Sony’s PlayStation roadmap is feeling the strain of the global memory-chip race, with the PS6 now likely to arrive closer to the end of the decade. In the US, a young defence startup has drawn fresh funding for AI systems designed for the battlefield.
IBM, meanwhile, is reopening the entry-level hiring pipeline in a clear rethink of how AI will shape jobs. Hong Kong has added a new name to its tightly regulated crypto market, even as investors track the companies best placed to ride the AI boom.
The chip shortage delaying Sony’s next console is a reminder that AI’s hardware appetite is reshaping industries far beyond data centres.
Breaker’s funding points to the growing overlap between Silicon Valley capital and defence technology.
IBM’s hiring push suggests the future workforce will work with AI, not be replaced by it.
Hong Kong’s latest crypto licence signals a compliance-first path to becoming a global digital-asset hub.
In the equity markets, AI remains the clearest long-term growth story.
From a longer wait for the PS6 and the rise of AI-led defence startups to Big Tech’s renewed bet on young talent, a carefully expanding crypto regime in Hong Kong, and the investor hunt for AI winners, these are the shifts setting the tone for the global tech economy today.
Sony’s next PlayStation could arrive much later than gamers expected. A continuing shortage of advanced memory chips, now heavily diverted to AI hardware, has reportedly pushed the PS6 timeline to 2028 or even 2029. The shift would give the PS5 an unusually long life cycle and shows how the semiconductor race is rewriting launch calendars across the tech industry.
In a sign of rising investor appetite for military AI, US-based startup Breaker has secured $6 million in seed funding. The company is building voice-driven AI agents designed to operate drones and battlefield systems. The fresh capital reflects a broader pivot toward automation in defence, where speed, autonomy, and real-time decision-making are becoming critical.
As AI spending accelerates, investors are scanning the market for companies best placed to ride the wave. A new watchlist highlights five firms spanning chips, cloud, and enterprise AI. The common thread is positioning: each sits at a layer of the AI stack where demand and long-term revenue visibility continue to strengthen.

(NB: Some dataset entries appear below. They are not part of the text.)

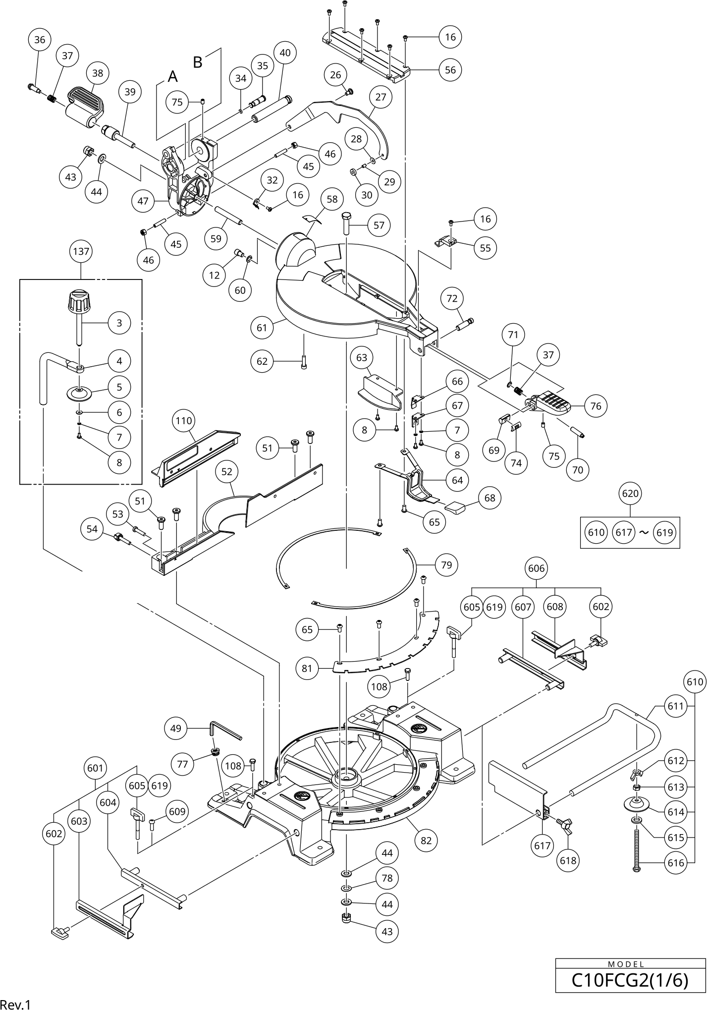 Onderdelen lijst van de Hikoki C10FCG2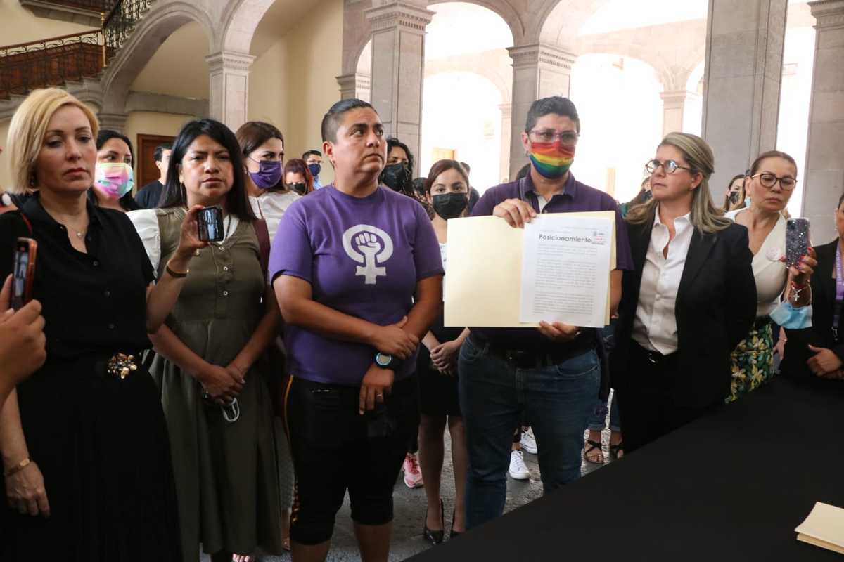 Samuel y Mariana escuchan las de las manifestantes en palacio de Gobierno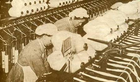 占上海全市工业比重最大的是棉纺织工业。图为中国纺织公司的一部。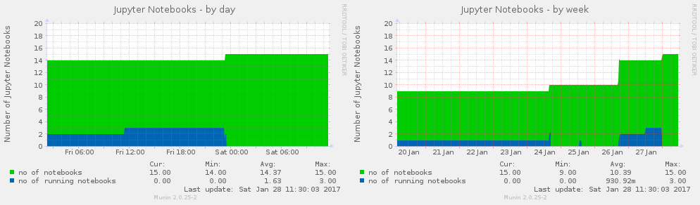 jupyter-munin shows you the amount of Jupyter notebooks and the number of running Jupyter notebooks on your server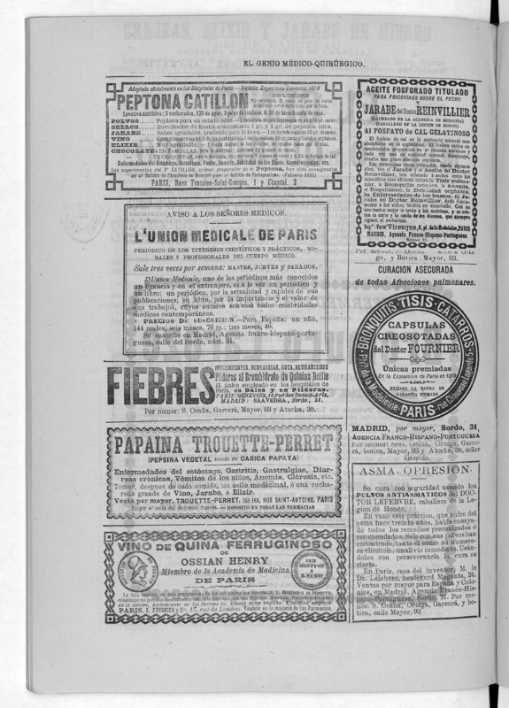 Parte de El Genio médico-quirúrgico : periódico de ciencias médicas ‐ [1882, Vol. 28, n. 1366-1393, 1340-1359.]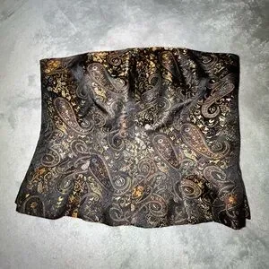 Vintage zip up corset-like tube top covered in a paisley design in black and gold. Size 8 so a larger medium and you need a chest to wear this top unless you have it tailored to you!❤️ it’s vintage but is still in wonderful condition just doesn’t fit me now.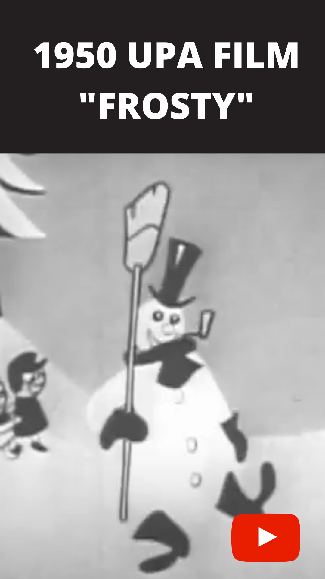 In 1950, the UPA studio brought "Frosty" to life in a three-minute animated short which appears regularly on WGN-TV. This production included a bouncy, jazzy a cappella version of the song and a limited animation style reminiscent of UPA's Gerald McBoing-Boing.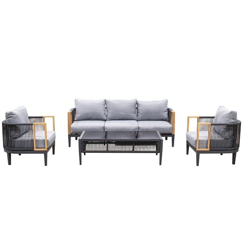 Set Sofa 3p+2 Sillones+mesa Centro Poliester/ Aluminio 74x74x66/198x74x66/128x60x41

In a notable shift from earlier automation fears, IBM says it will triple its entry-level hiring in the United States. The company now views junior employees as essential for managing AI systems, supporting clients, and building future leadership. The move signals how the AI transition is reshaping roles rather than simply eliminating them.
Victory Fintech has secured a coveted crypto licence from Hong Kong’s market regulator, becoming the first new entrant to the city’s tightly controlled digital-asset regime in months. The approval underlines Hong Kong’s push to balance innovation with strict compliance as it tries to reclaim ground as a global hub for regulated crypto activity.